Mining Collective Opinions
“With opinions, so much depends on the point of view of the user,” says David Pierce, chief technology officer of Jodange, whose sentiment analysis software grew out of a research project by Claire Cardie at Cornell University and Jan Wiebe at the University of Pittsburgh. Drawing on a body of theory in linguistics, philosophy, and computational linguistics, their team developed an algorithm that tries to determine the context of any particular statement by isolating three key data points: the topic, the opinion holder, and the opinion itself. First, the algorithm employs an entity extraction routine that locates keywords to identify particular topics and opinion holders. Next, it layers that data onto a linguistic analysis of the opinion being expressed. The resulting unit of data is a triple consisting of opinion, opinion holder, and topic. These triples are then stored in a relational database, where they can be cross-referenced across multiple documents to create what Jodange vice president of product management and marketing Pia Chong calls a “walled garden of opinion.”

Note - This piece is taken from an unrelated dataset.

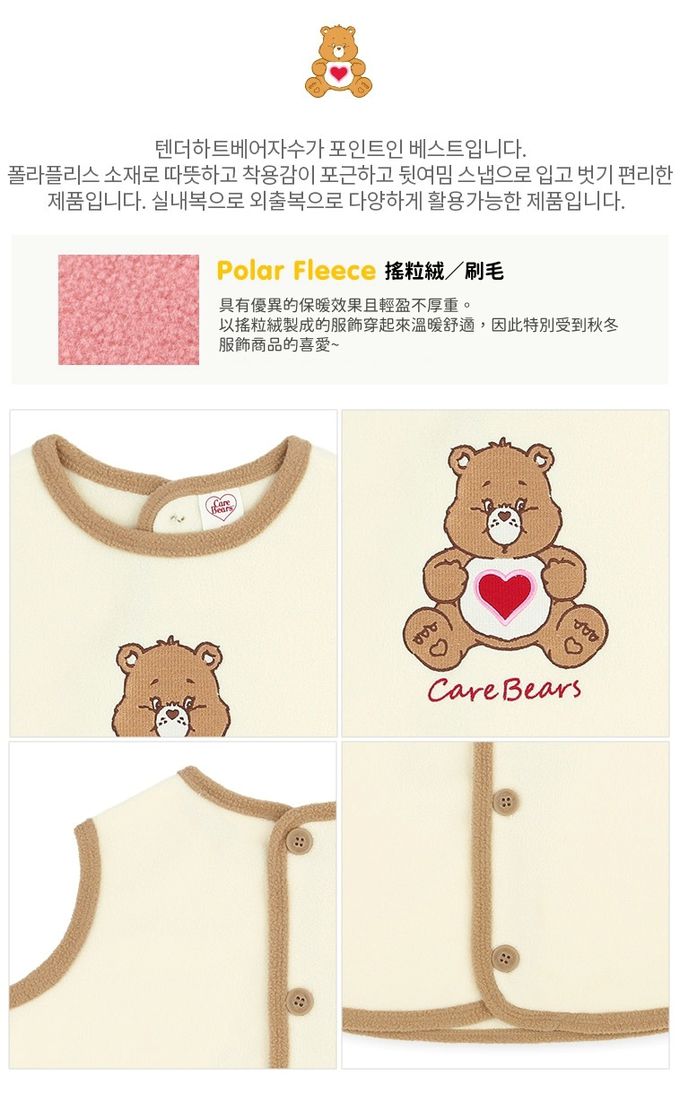 韓國 Care Bears - 聯名款大愛心熊熊後背釦搖粒絨背心-米

By connecting opinions from multiple sources about a particular topic, the application can provide users with a bird’s-eye view of a particular topic presented in a variety of different formats: straightforward lists, heat maps that show the concentration of opinions on particular topics, an opinion index that calculates positive or negative trends, or a so-called Doppler view that shows a graphical summary of opinion data. The company is currently working on a new predictive model that could use opinion data to predict future developments, such as the impact of written opinion on trends in a company’s stock price.
A number of other companies are now developing their own variations of sentiment analysis software. Companies like Attensity, Clarabridge, Lexalytics Limited, SPSS, and TEMIS are developing their own proprietary versions of sentiment analysis software. All of these products employ some combination of keyword extraction and linguistic analysis to provide their customers with a particular understanding of collective opinion. Some of these products are targeted toward business applications, others toward consumer-facing Web applications.

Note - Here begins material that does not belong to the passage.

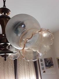 lampadario classico con catena color bronzo e 5 luci di vetro lavorato

For consumers, the most obvious applications for sentiment analysis involve enhancing search engines with more opinion data. “Sentiment analysis software could enable a much smoother user experience” for consumer research, says Pang. Microsoft’s Product Search, which is part of Live Search, and Yelp’s review highlights, which include phrases automatically extracted from user reviews, already rely on basic sentiment analysis to enhance their search results. Such interactions could eventually find their way into the general Web search experience. Pang suggests that such interactions could be fine-tuned for users at different stages of the research process, allowing them to narrow down from reviews of a product category to comparisons between products, then finally to in-depth product reviews.
For many businesses, online customer opinions have become a type of virtual currency that can make or break their products.
Beyond the realm of consumer products, Pang also sees opportunities for sentiment analysis to shape the way people consume news. “When the media is having a field day, [users] might want to get a digest of different perspectives on the breaking news with analysis.” Similar applications might eventually lead to new types of interfaces where readers could track the movement of opinion about particular stories over time.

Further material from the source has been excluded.